___ Source data

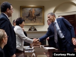 Президент Обама выразил благодарность главе Кыргызстана Розе Отунбаевой за поддержку американского транзитного центра в кыргызском аэропорту «Манас» во время встречи в Белом доме.
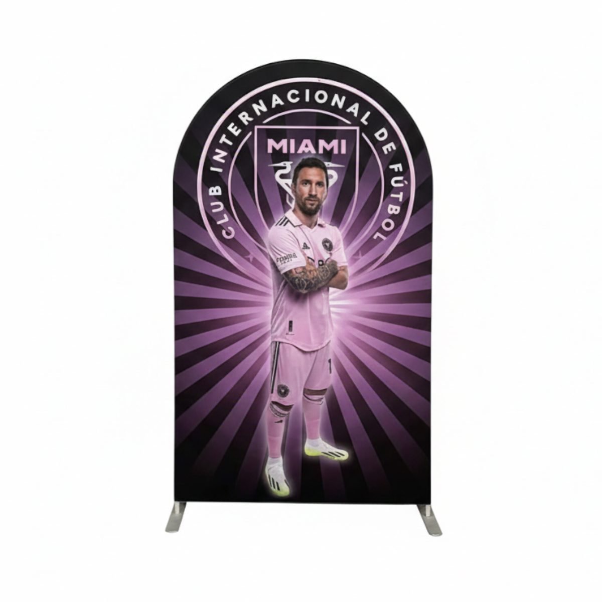Bring the magic of Miami to your party! Our latest Lionel Messi Inter Miami Arch Backdrop is a must-have for every soccer fan. Whether it’s a birthday or a game-day celebration, this pink soccer star background creates the perfect photo op. Lightweight, durable, and ready for the spotlight.
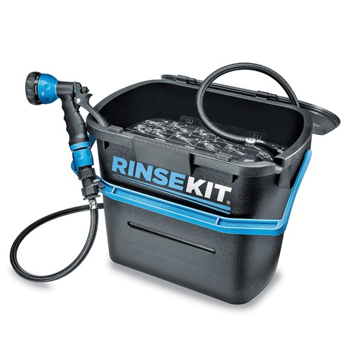 Zestaw do zraszania RinseKit oferuje strumień wody pod ciśnieniem, bez konieczności pompowania czy zasilania bateryjnego. RinseKit może być szybko napełniany gorącą lub zimną wodą z kranu lub baterii zlewu (z adaperem). Opatentowane urządzenie RinseKit dysponuje zbiornikiem na ponad 7 litrów wody, oraz dyszą o siedmiu różnych nastawach, od strumienia po prysznic. Lekka konstrukcja sprawia, że można go przenosić jedną ręką. Idealny do szybkiego umycia rąk, obuwia czy zabrudzonych narzędzi.
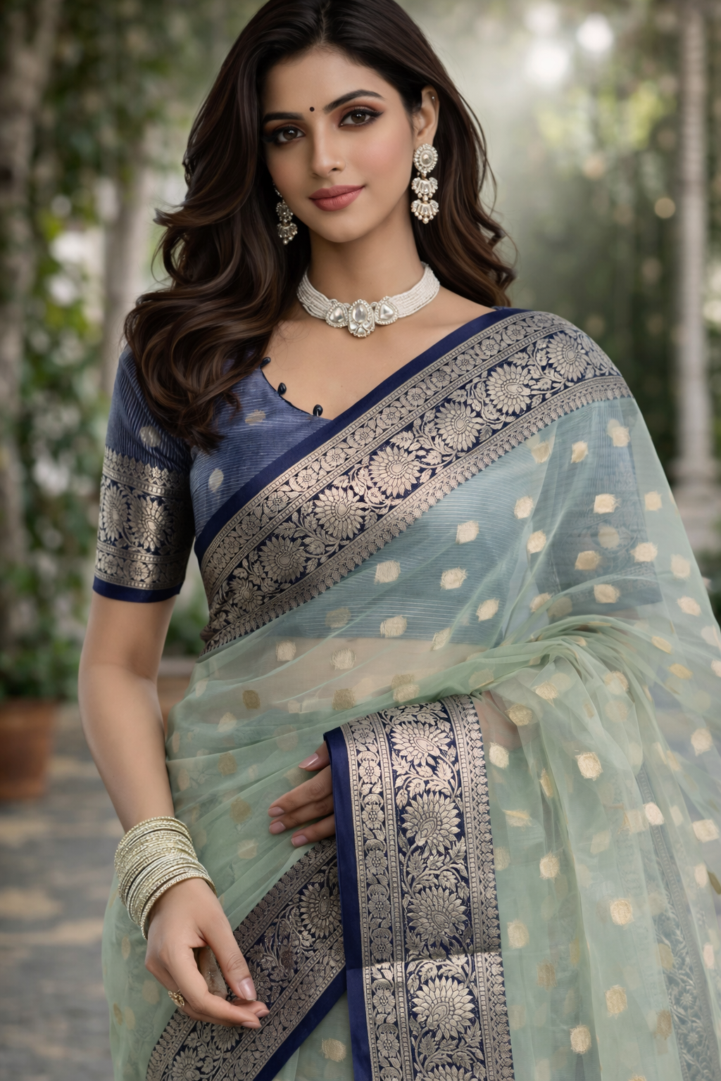 A refined organza saree designed for the global woman — delicate in fabric, powerful in presence.
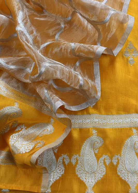 Yellow Pure Banarasi Silk Kurta And Tissue Silk Dupatta With Cut Work Zari Weaving
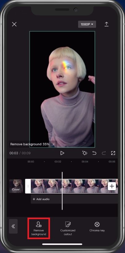 Luego verá un par de opciones. SeleccionarQuitar fondo. Esto tomará un par de segundos para procesar el video y eliminar el fondo. Puede que por ahora no esté perfectamente cortado. Si este es el caso, puedes eliminar el fondo manualmente.
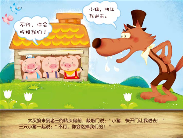 大灰狼来到老三的砖头房前,敲敲门说:“小猪,快开门让我进去!”三只小猪一起说:“不行,你会吃掉我们的!”

______

**Brief**
In the listing above, find the line containing "Bring the magic" and the line containing "Zestaw do zraszania". Reproduce those lines and all between them exactly, with no pictures and nothing more.

**Expected answer**
Bring the magic of Miami to your party! Our latest Lionel Messi Inter Miami Arch Backdrop is a must-have for every soccer fan. Whether it’s a birthday or a game-day celebration, this pink soccer star background creates the perfect photo op. Lightweight, durable, and ready for the spotlight.
 Zestaw do zraszania RinseKit oferuje strumień wody pod ciśnieniem, bez konieczności pompowania czy zasilania bateryjnego. RinseKit może być szybko napełniany gorącą lub zimną wodą z kranu lub baterii zlewu (z adaperem). Opatentowane urządzenie RinseKit dysponuje zbiornikiem na ponad 7 litrów wody, oraz dyszą o siedmiu różnych nastawach, od strumienia po prysznic. Lekka konstrukcja sprawia, że można go przenosić jedną ręką. Idealny do szybkiego umycia rąk, obuwia czy zabrudzonych narzędzi.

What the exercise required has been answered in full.